-- Opening Marker --

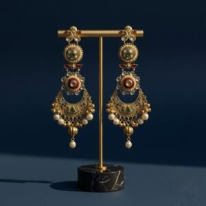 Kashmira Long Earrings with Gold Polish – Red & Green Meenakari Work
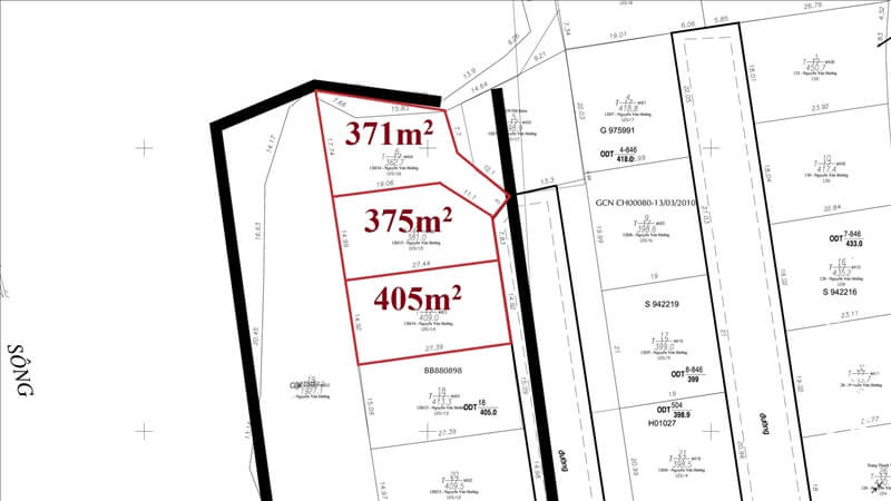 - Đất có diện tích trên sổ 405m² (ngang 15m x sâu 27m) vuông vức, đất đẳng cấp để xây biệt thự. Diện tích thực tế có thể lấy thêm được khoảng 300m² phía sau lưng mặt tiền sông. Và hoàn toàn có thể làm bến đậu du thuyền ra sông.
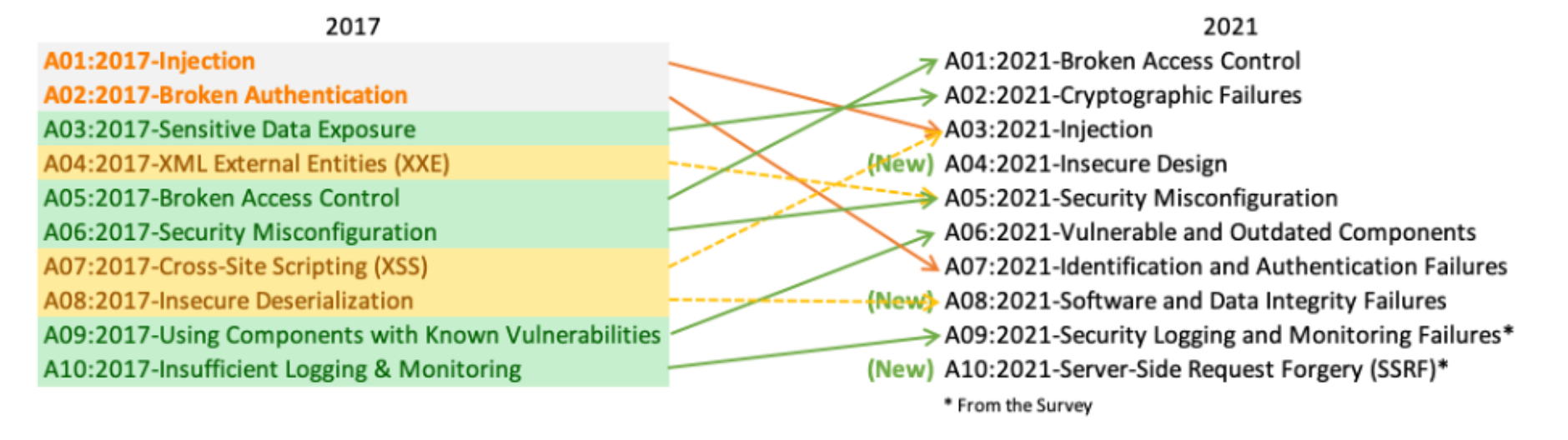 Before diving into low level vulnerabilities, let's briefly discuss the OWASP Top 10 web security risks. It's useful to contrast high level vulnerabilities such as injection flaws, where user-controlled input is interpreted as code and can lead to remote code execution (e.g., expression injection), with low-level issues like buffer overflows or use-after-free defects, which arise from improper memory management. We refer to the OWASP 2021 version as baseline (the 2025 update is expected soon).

-- Closing Marker --
-- Opening Marker --

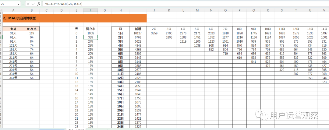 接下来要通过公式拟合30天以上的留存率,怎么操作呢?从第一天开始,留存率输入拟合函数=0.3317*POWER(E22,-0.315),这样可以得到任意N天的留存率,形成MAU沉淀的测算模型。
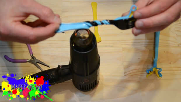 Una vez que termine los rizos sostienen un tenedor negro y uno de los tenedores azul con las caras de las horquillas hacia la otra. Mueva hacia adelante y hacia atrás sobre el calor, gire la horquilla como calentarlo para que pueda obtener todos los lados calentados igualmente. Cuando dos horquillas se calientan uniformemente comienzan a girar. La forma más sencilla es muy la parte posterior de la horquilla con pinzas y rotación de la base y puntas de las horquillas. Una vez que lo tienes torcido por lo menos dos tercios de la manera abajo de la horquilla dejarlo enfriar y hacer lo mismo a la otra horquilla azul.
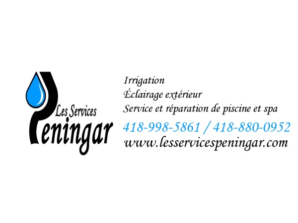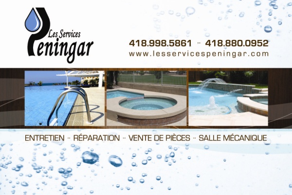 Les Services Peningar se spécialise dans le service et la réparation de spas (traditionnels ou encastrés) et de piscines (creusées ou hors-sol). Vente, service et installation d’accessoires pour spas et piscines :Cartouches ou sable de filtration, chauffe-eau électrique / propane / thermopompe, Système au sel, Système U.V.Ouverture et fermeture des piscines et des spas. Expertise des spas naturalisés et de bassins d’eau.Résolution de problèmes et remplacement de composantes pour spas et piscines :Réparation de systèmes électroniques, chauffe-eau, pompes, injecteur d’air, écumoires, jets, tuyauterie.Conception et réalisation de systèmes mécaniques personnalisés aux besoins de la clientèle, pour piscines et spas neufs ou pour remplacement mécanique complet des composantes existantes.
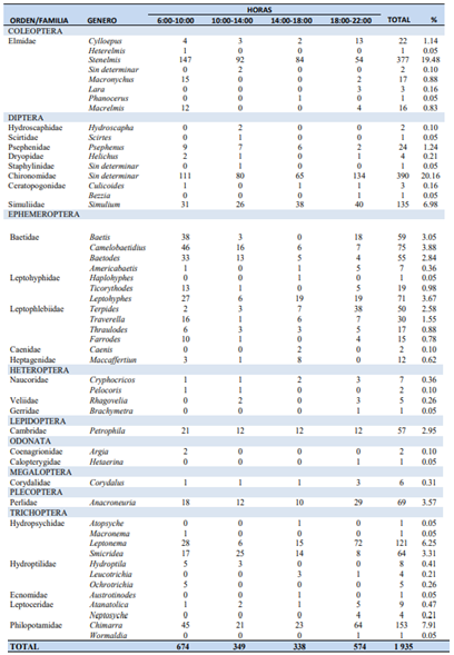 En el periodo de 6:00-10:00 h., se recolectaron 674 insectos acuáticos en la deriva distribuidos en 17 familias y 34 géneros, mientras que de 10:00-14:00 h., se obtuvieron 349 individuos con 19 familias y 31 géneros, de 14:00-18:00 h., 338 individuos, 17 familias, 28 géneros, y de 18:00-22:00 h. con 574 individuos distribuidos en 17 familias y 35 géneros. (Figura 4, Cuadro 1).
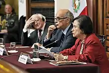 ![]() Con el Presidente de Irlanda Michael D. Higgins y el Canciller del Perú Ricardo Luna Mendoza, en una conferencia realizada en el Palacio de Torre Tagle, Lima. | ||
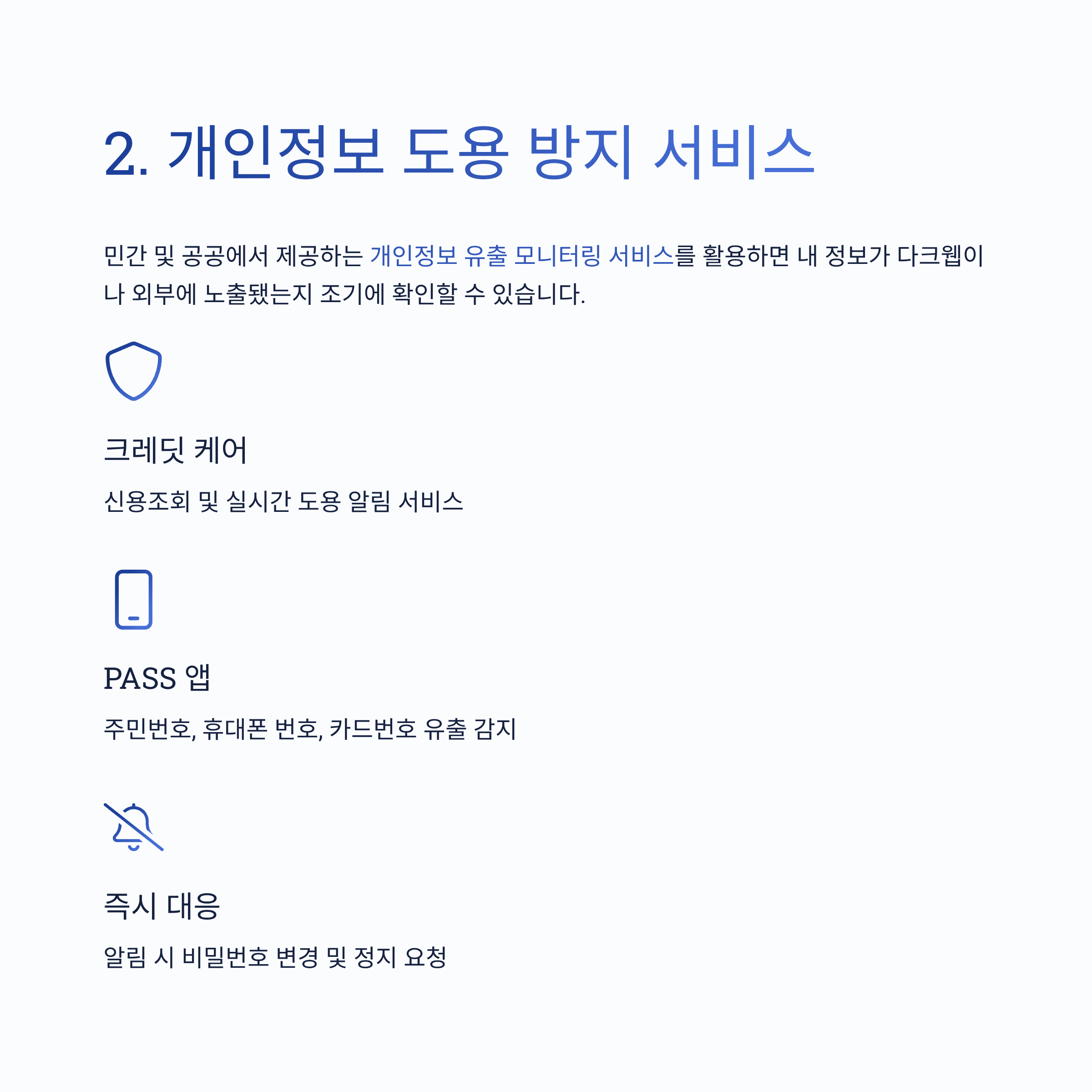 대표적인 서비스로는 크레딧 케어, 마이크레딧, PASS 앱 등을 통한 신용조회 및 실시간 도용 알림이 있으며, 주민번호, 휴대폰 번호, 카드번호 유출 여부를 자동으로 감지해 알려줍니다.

-- Closing Marker --

_TASK PROMPT_
The stretch to restate runs from the line above containing "接下来要通过公式拟合30天以" through the line containing "Les Services Peningar". Copy it word for word, ends included, without pictures.

_OUTPUT BELOW_
 接下来要通过公式拟合30天以上的留存率,怎么操作呢?从第一天开始,留存率输入拟合函数=0.3317*POWER(E22,-0.315),这样可以得到任意N天的留存率,形成MAU沉淀的测算模型。
 Una vez que termine los rizos sostienen un tenedor negro y uno de los tenedores azul con las caras de las horquillas hacia la otra. Mueva hacia adelante y hacia atrás sobre el calor, gire la horquilla como calentarlo para que pueda obtener todos los lados calentados igualmente. Cuando dos horquillas se calientan uniformemente comienzan a girar. La forma más sencilla es muy la parte posterior de la horquilla con pinzas y rotación de la base y puntas de las horquillas. Una vez que lo tienes torcido por lo menos dos tercios de la manera abajo de la horquilla dejarlo enfriar y hacer lo mismo a la otra horquilla azul.
 Les Services Peningar se spécialise dans le service et la réparation de spas (traditionnels ou encastrés) et de piscines (creusées ou hors-sol). Vente, service et installation d’accessoires pour spas et piscines :Cartouches ou sable de filtration, chauffe-eau électrique / propane / thermopompe, Système au sel, Système U.V.Ouverture et fermeture des piscines et des spas. Expertise des spas naturalisés et de bassins d’eau.Résolution de problèmes et remplacement de composantes pour spas et piscines :Réparation de systèmes électroniques, chauffe-eau, pompes, injecteur d’air, écumoires, jets, tuyauterie.Conception et réalisation de systèmes mécaniques personnalisés aux besoins de la clientèle, pour piscines et spas neufs ou pour remplacement mécanique complet des composantes existantes.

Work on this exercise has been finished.